*TASK DIRECTIONS*. Beginning at the line with "Known as the" in the records below, return each line up to and including the last, exactly as it stands, but not the pictures.

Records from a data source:
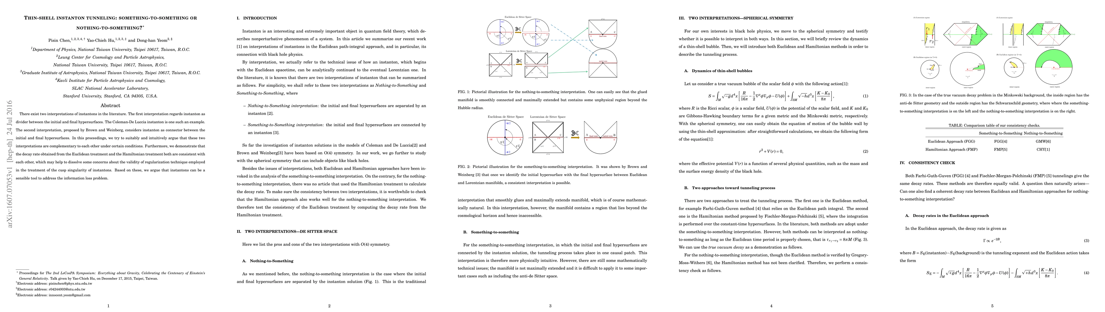 There exist two interpretations of instantons in the literature. The first interpretation regards instanton as divider between the initial and final hypersurfaces. The Coleman-De Luccia instanton is one such an example. The second interpretation, proposed by Brown and Weinberg, considers instanton as connector between the initial and final hypersurfaces. In this proceedings, we try to suitably and intuitively argue that these two interpretations are complementary to each other under certain conditions. Furthermore, we demonstrate that the decay rate obtained from the Euclidean treatment and the Hamiltonian treatment both are consistent with each other, which may help to dissolve some concerns about the validity of regularization technique employed in the treatment of the cusp singularity of instantons. Based on these, we argue that instantons can be a sensible tool to address the information loss problem.
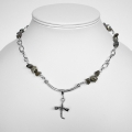 A pretty, delicate necklace made a little more substantial by the addition of iron pyrite faceted and round beads and labradorite chips.  The dainty dragonfly dances around on a sterling silver curved tube between two sterling silver rondelles.  Tiny sterling silver rondelles separate the gemstone elements and the chain is brought together with sterling silver round and oval links.
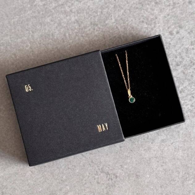 Known as the stone of vitality, the emerald is said to bring energy, intellect and a sense of renewal to the wearer. Crafted in 24k gold-plated sterling silver, our May birthstone necklace sparkles with a faceted emerald-green Swarovski crystal and can be personalised for an extra thoughtful touch. Meaningful, elegant and timeless - a piece of jewellery to be cherished and a stunning gift for a May birthday or special occasion.
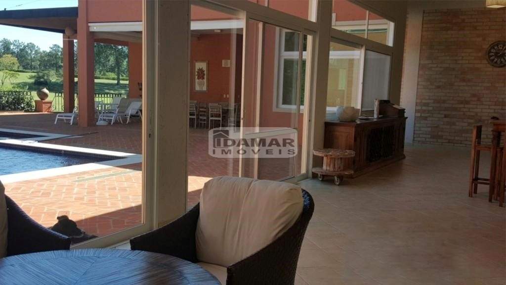 Localização privilegiada, visual deslumbrante com piscina entre mata, areia, grama, flores e charmoso piso em tijolo. A casa possui pé direito alto, com 5 suítes equipadas com ar split e portas balcão para a piscina e jardim. Home theater com telão e ar condicionado e escritório. Churrasqueira, lareira, piscina aquecida com vista para o golfe, salão de festas, sauna seca, banheiro para a piscina e para o salão de festas, quarto e banheiro de empregada. Churrasqueira com mesa ampla e caixas de som. Ar condicionado nas 5 suítes. No pavimento inferior, sauna e salão de festas junto ao jardim de frutíferas.
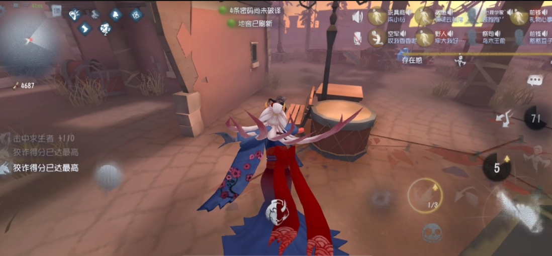 联合狩猎模式需要修七台机,修开三台会刷出地窖,修机和溜鬼都能刷分,每个地图在固定敌方都会有电话亭,使用电话亭能用积分购买里面的道具,还有一些药剂也很实用,最实用的是加速剂,使用之后能跑得很快。该模式中可以买酒喝酒回血,不过空军、盲女和拉拉队员都无法买酒,就算队友帮买了能在地上看见但道具栏不会显示。
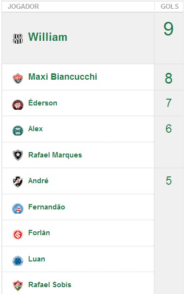 Com 5 gols marcados, André é o 6º colocado na artilharia do campeonato ao lado de mais 5 jogadores. O goleador máximo é William, da Ponte Preta, com 9 gols.

*EXERCISE OUTPUT*.
 Known as the stone of vitality, the emerald is said to bring energy, intellect and a sense of renewal to the wearer. Crafted in 24k gold-plated sterling silver, our May birthstone necklace sparkles with a faceted emerald-green Swarovski crystal and can be personalised for an extra thoughtful touch. Meaningful, elegant and timeless - a piece of jewellery to be cherished and a stunning gift for a May birthday or special occasion.
 Localização privilegiada, visual deslumbrante com piscina entre mata, areia, grama, flores e charmoso piso em tijolo. A casa possui pé direito alto, com 5 suítes equipadas com ar split e portas balcão para a piscina e jardim. Home theater com telão e ar condicionado e escritório. Churrasqueira, lareira, piscina aquecida com vista para o golfe, salão de festas, sauna seca, banheiro para a piscina e para o salão de festas, quarto e banheiro de empregada. Churrasqueira com mesa ampla e caixas de som. Ar condicionado nas 5 suítes. No pavimento inferior, sauna e salão de festas junto ao jardim de frutíferas.
 联合狩猎模式需要修七台机,修开三台会刷出地窖,修机和溜鬼都能刷分,每个地图在固定敌方都会有电话亭,使用电话亭能用积分购买里面的道具,还有一些药剂也很实用,最实用的是加速剂,使用之后能跑得很快。该模式中可以买酒喝酒回血,不过空军、盲女和拉拉队员都无法买酒,就算队友帮买了能在地上看见但道具栏不会显示。
 Com 5 gols marcados, André é o 6º colocado na artilharia do campeonato ao lado de mais 5 jogadores. O goleador máximo é William, da Ponte Preta, com 9 gols.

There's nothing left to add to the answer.